Data excerpts:
══════════
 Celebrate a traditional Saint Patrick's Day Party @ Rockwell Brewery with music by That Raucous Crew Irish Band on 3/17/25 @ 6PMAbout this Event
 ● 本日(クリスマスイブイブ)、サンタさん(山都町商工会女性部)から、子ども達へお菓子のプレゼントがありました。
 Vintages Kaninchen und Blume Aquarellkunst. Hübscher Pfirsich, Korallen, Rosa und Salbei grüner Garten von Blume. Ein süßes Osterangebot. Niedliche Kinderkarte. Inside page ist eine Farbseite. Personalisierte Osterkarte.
══════════
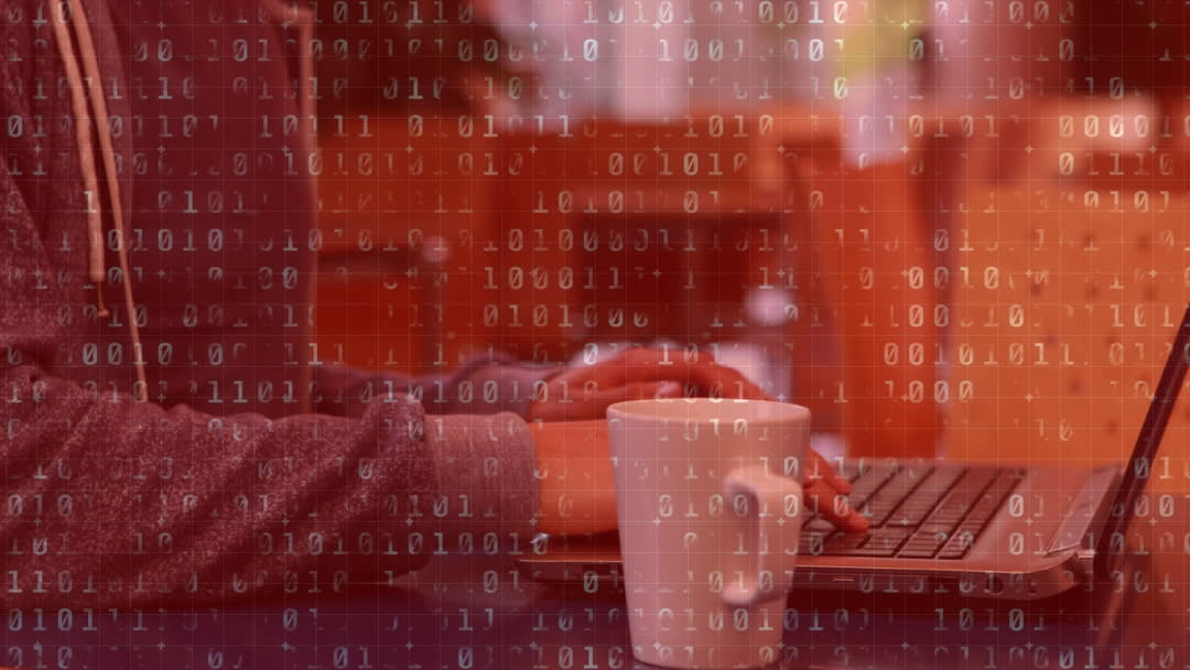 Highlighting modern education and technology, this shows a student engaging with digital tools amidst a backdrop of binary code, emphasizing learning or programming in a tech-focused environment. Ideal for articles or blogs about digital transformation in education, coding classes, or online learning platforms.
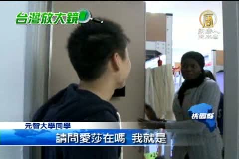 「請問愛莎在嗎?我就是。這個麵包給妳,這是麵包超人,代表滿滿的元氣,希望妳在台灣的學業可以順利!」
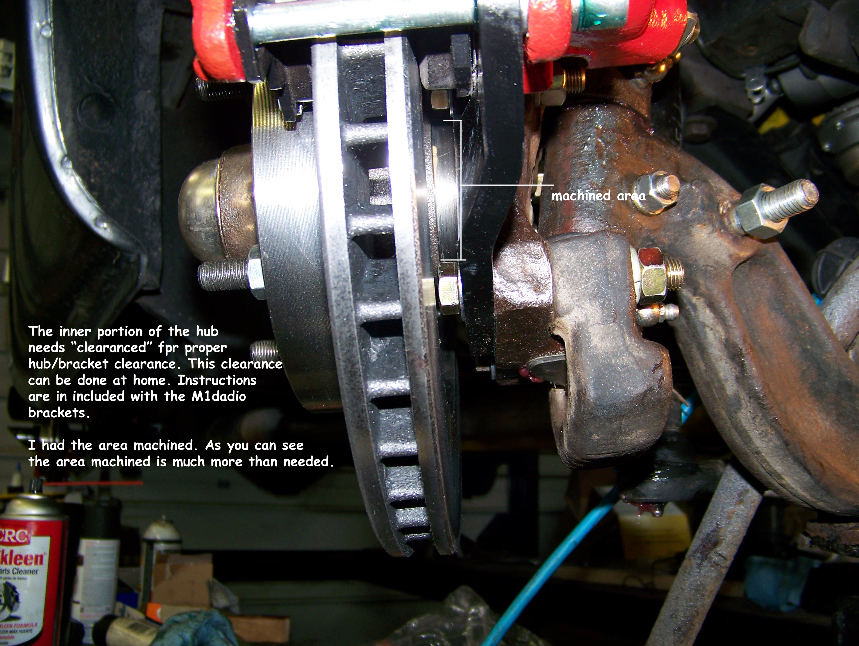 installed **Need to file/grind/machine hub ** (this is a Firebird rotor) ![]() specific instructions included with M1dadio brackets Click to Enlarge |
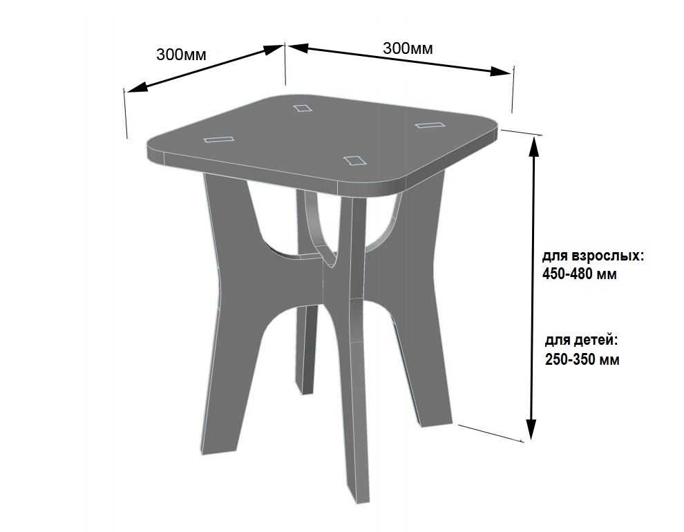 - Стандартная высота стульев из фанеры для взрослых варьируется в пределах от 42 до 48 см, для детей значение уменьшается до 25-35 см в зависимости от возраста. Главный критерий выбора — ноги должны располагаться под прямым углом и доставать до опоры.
══════════
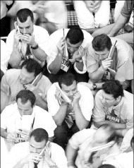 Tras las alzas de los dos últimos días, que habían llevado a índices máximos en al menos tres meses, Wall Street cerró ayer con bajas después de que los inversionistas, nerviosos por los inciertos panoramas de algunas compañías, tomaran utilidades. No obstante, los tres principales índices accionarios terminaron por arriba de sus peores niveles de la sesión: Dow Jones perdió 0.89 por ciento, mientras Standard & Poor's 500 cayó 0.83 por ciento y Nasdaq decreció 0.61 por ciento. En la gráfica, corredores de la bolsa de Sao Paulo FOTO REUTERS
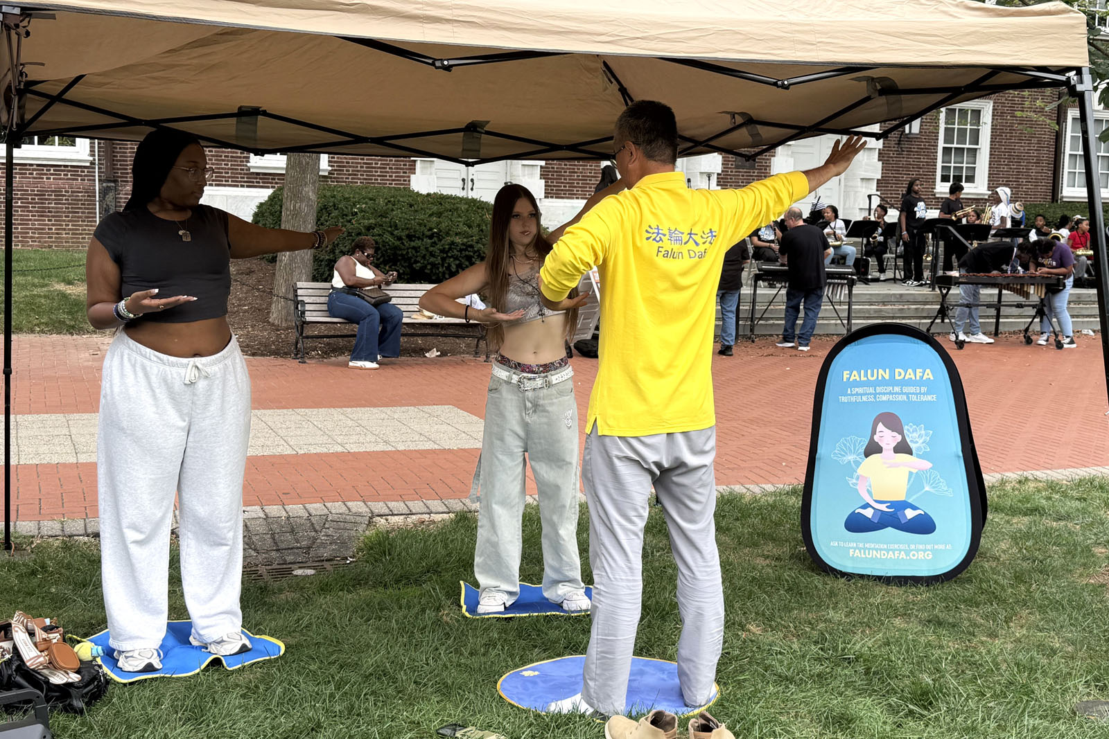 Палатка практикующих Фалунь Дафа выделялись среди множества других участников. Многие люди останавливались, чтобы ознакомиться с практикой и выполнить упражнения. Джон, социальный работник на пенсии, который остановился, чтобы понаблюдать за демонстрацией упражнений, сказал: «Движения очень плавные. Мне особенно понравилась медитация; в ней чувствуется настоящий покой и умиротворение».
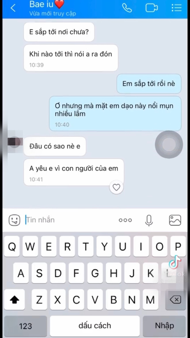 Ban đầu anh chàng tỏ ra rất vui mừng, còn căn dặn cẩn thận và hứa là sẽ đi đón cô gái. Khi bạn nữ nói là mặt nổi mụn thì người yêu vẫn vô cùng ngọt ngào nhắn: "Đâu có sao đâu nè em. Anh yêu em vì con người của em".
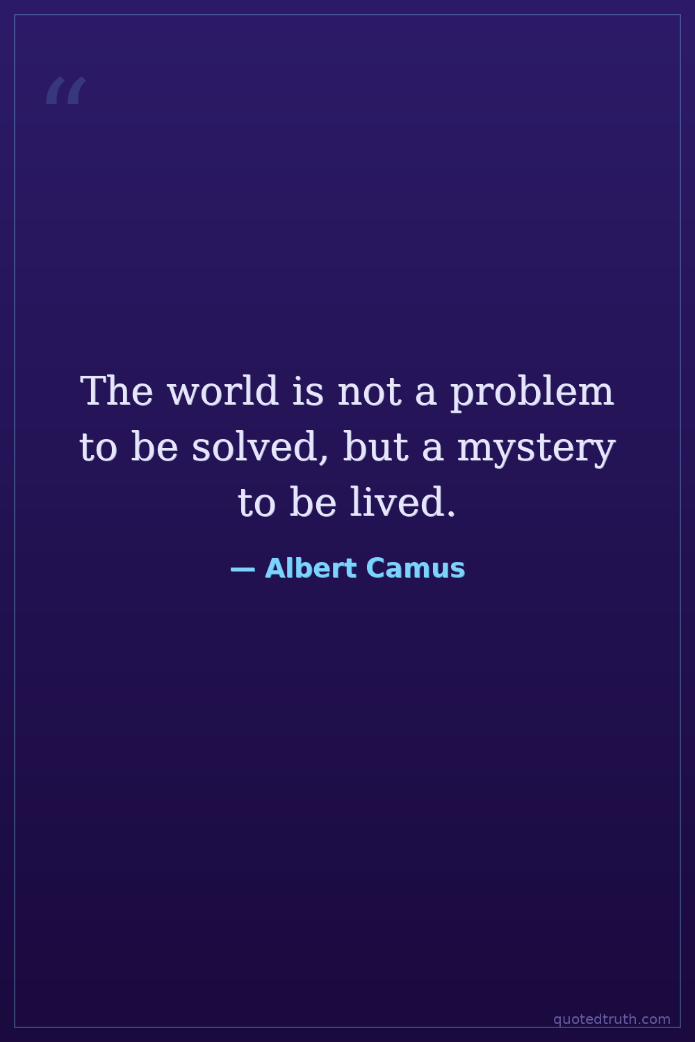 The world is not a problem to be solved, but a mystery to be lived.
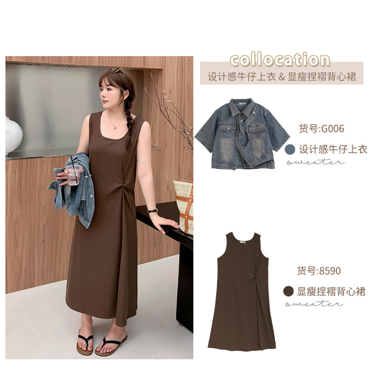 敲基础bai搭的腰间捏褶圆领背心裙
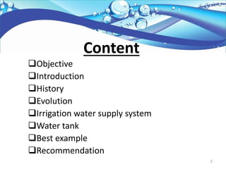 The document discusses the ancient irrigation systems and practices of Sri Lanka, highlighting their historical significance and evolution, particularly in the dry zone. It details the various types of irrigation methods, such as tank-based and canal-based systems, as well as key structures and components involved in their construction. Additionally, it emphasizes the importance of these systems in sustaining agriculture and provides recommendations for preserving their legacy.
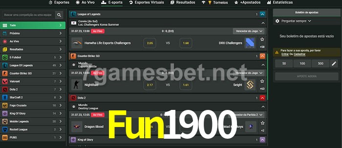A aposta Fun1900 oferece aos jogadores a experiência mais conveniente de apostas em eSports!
══════════
Problem: Could you restate word for word the lines above, from the one that contains "Celebrate a traditional" through the one that contains "Vintages Kaninchen und", and no others?

Output for this exercise:
 Celebrate a traditional Saint Patrick's Day Party @ Rockwell Brewery with music by That Raucous Crew Irish Band on 3/17/25 @ 6PMAbout this Event
 ● 本日(クリスマスイブイブ)、サンタさん(山都町商工会女性部)から、子ども達へお菓子のプレゼントがありました。
 Vintages Kaninchen und Blume Aquarellkunst. Hübscher Pfirsich, Korallen, Rosa und Salbei grüner Garten von Blume. Ein süßes Osterangebot. Niedliche Kinderkarte. Inside page ist eine Farbseite. Personalisierte Osterkarte.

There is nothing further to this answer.